Queen Juliana of The Netherlands and her husband Prince Bernhard last week broke their long silence on the palace influence of Faith Healer Greet Hofmans (TIME, June 25). "The way in which it was judged admissible abroad to expose our family life and the relations in our close surroundings to the public has disappointed and grieved us both," said the royal couple in a joint statement. "We deem an investigation desirable." To conduct this investigation the Queen appointed three of her nation's most respected elder statesmen.
The royal family's brief statement did not deny the fact of a palace rift. This being so, Dutch editors were discreetly doubtful of the wisdom of putting out any statement at all, but government authority answered that the need for it involved not the public but the principals themselves. It was, in a sense, a tacit admission that difficulties still exist in the House of Orange-Nassau.

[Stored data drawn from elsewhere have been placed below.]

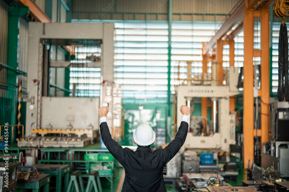 security, engineer, safety, heavy, manufacture, machinery, industrial, cooperation, hardhat, inspector. A man in a hard hat, is giving a thumbs up in a factory. Concept of accomplishment.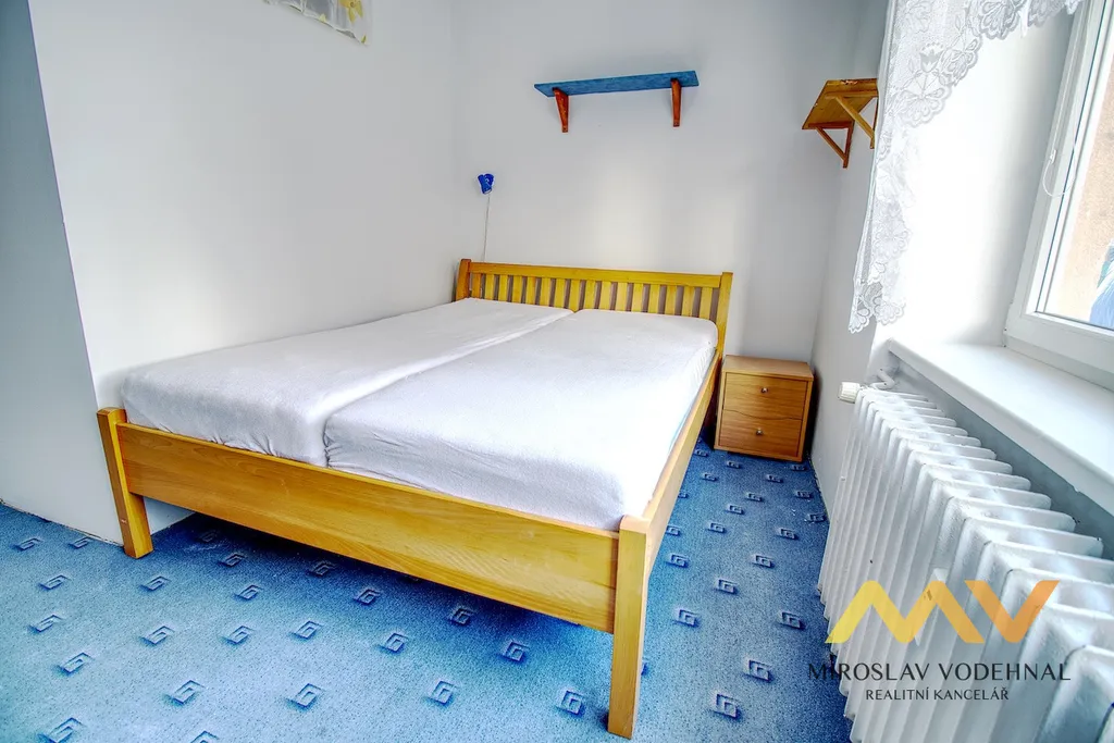 Byt je dispozičně řešen jako kuchyň se spíží, dva samostatné pokoje, koupelna s vanou, samostatné WC, předsíň a komora. Součástí vybavení je sedací souprava, jídelní stůl se židlemi, nová kuchyňská linka s plynovým sporákem, obývací stěna, manželská postel, šatní skříně, pracovní stůl, lednice, mikrovlnná trouba, pračka. Byt může být po dohodě vyklizen. K bytu náleží menší balkón 1 m2. Sklep není k dispozici.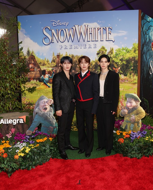 LOS ANGELES, CALIFORNIA – MARCH 15: Jo1 joins Sneezy & Sleepy at the Allegra activation on the red carpet for Disney’s “Snow White” premiere at El Capitan Theatre on March 15, 2025 in Hollywood, California. The Allegra activation asks what Sneezy and Sleepy would be like if they weren’t sneezy or sleepy. (Photo by Phillip Faraone/Getty Images for Allegra)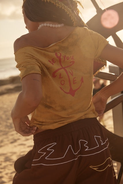 The Aye Aye Off the Shoulder Tank is for slow sails, warm sand and trusting your own compass. Softly washed and perfectly slouchy, this tank drapes off the shoulder with ease… Effortless, undone and sun-kissed.
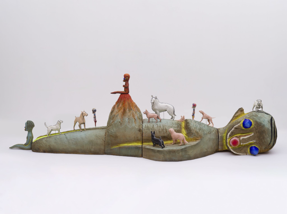 Both primitive and pop, the simple geometries and biomorphic shapes Kato uses to compose his distinctive figures seem to nod at the elemental forms found in petroglyphs and cave paintings, while also channeling the character-driven aesthetic of contemporary culture. He uses timeless natural materials such as wood and stone alongside manufactured creations such as plastic and vinyl.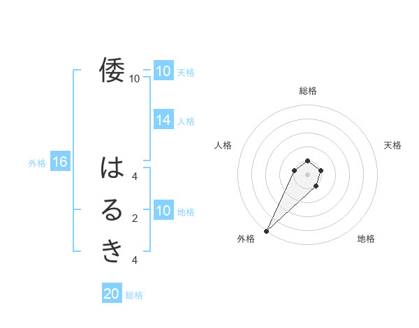 倭 はるきさんの総格は20画の1点!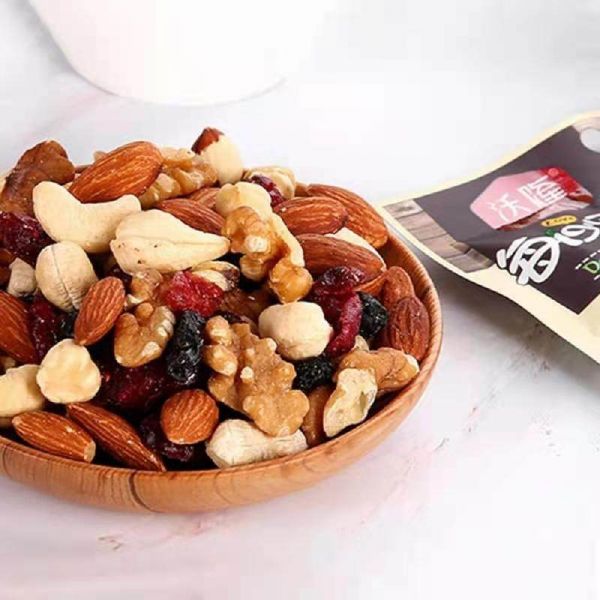 根据2016年《中国居民平衡膳食宝塔 》:中国居民每天膳食应食用大豆及坚果类食物25—35克。沃隆每日坚果就是将包含榛子仁、核桃仁、扁桃仁、腰果仁、蓝莓干和蔓越莓干等6种果仁果干,经过科学配比后,形成适合一天食用量的小包装。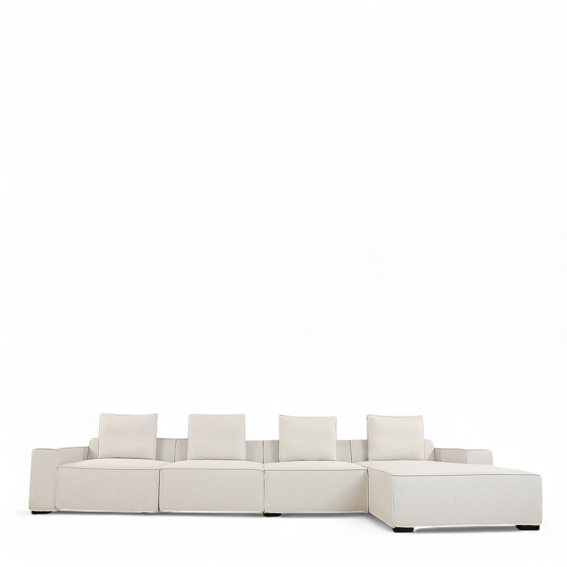 Cloudlike cushioning is the perfect complement to the squared-off frame of the River Sofa. Beautifully upholstered in linen, this sofa has loose back cushions and a streamlined look for contemporary appeal.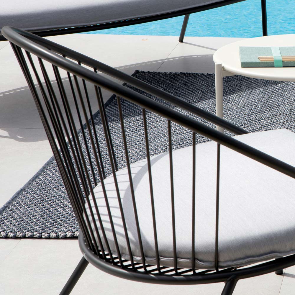 Kolltuk për mobilje të jashtme i prodhuar tërësisht në Itali, prej çeliku të galvanizuar . Përpunimi i çelikut lejon rezistencë të shkëlqyer të sipërfaqes ndaj korrozionit nga agjentët atmosferikë, siç janë aciditeti i shiut ose kripa, duke e bërë kolltukun një element të përsosur për të mobiluar çdo hapësirë të hapur.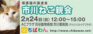| イベント内容 | 苅谷動物病院市川橋病院さまのご厚意により、同病院に併設された<アドバンストケアプラザ>にて、ちばわんねこ親会を開催させて頂く事になりました。 可愛い保護猫たちが新しい家族との出会いを求めて参加します!! 見学は予約等必要ありません。ぜひお誘いあわせの上ご参加ください。 参加猫情報は順次更新されます。 ちばわんHPをご覧ください。 http://chibawan.net/eventcat/eventall ※ちばわん猫のインスタグラムのアカウントが出来ました。 日々の様子はこちらでもご覧いただけます https://www.instagram.com/chibawan_cat/ ◆◆◆◆◆◆◆◆◆◆◆◆◆◆◆◆ 日時 2月24日(日)12:00-15:00 場所 ACプラザ 苅谷動物病院 市川橋病院 <アドバンストケアプラザ> 〒272-0034 千葉県市川市市川2-6-14 室内開催 雨天決行(荒天中止) ◆◆◆◆◆◆◆◆◆◆◆◆◆◆◆◆ 【会場内でのお願い】 ・当日、会場内への犬猫等の愛玩動物の同伴は出来ません。 ・会場内は<土足不可>です。スリッパなど室内履きをご持参いただきますようお願い致します。 ・譲渡が決定した場合、後日猫をご自宅へお届けいたします。当日猫をお引渡しすることはございません。 【電車からのアクセス】 JR総武線・総武快速線 市川駅より約徒歩7分 京成線 国府台駅より約徒歩8分 ※本ねこ親会にご来場される方は市川橋病院の駐車場利用はできません。 車でお越しの場合は、付近のコインパーキングをご利用ください。 電車・バスなどの公共の交通機関の利用をお勧めいたします。 【当日の流れ】 (1)家族募集中のねことお会いになりたい方はどなたでも自由にご参加いただくことができます。ちばわんボランティアは名札をつけておりますので、お声をかけて下さい。 預かりボランティアが控えておりますのでねこの性格や生活習慣など、遠慮なくご質問ください。 (2)ご希望の子が決まったら、お申し込みアンケートにご記入の上、ボランティアにお渡し下さい。 (前日までにメールでアンケートを送信してお申し込みいただくこともできます。) ◆「ねこ」アンケート送信先:(以下URLをクリックするとフォームが開きます) http://chibawan.net/contactform_cat (3)アンケート内容を拝見し、お話させていただきます。 (4)原則として一両日中にお返事の連絡をさせていただきます。 (5)ご縁が成立した場合には、後日、こちらからご自宅まで猫をお届けし、約1ヶ月のお試し生活に入っていただきます。お届けの際に、書面での譲渡契約書を交わします。 ※ワクチン・不妊手術代など保護にかかった費用は、家族になる方にもご負担をお願いしています ◆ねこ親会について:(以下URLをクリックするとフォームが開きます) http://chibawan.net/inquiry_cat ※イベント当日はメールを見ることが出来ません。また、お問い合わせの際は、必ず「具体的な件名」を入れて多数の迷惑メールと区別がつくようにお願いいたします。 ※業務に支障がでる恐れがありますので本イベントに関する苅谷動物病院さまへのお問い合わせはご遠慮ください。 |

Last week Bernhard and his Queen made a public appearance in Amsterdam. They were there to introduce their eldest daughter and heir presumptive, pretty Princess Beatrix, to the city fathers of Amsterdam as their nation's future Queen. She came of age to rule (18) six months ago. "I shall prepare myself for the task which I hope and trust lies before me in a yet far-distant future," Beatrix had promised when she became an official member of the State Council. In most kingdoms monarchs reign until their deaths, but in The Netherlands retirement in favor of the royal heir has become expected. Ex-Queen Wilhelmina, still alive and 68, gave way to her daughter Juliana in 1948. If some such shift of the crown from Juliana to Beatrix is now under consideration, no Dutch newspaper was so tactless as to hint at it.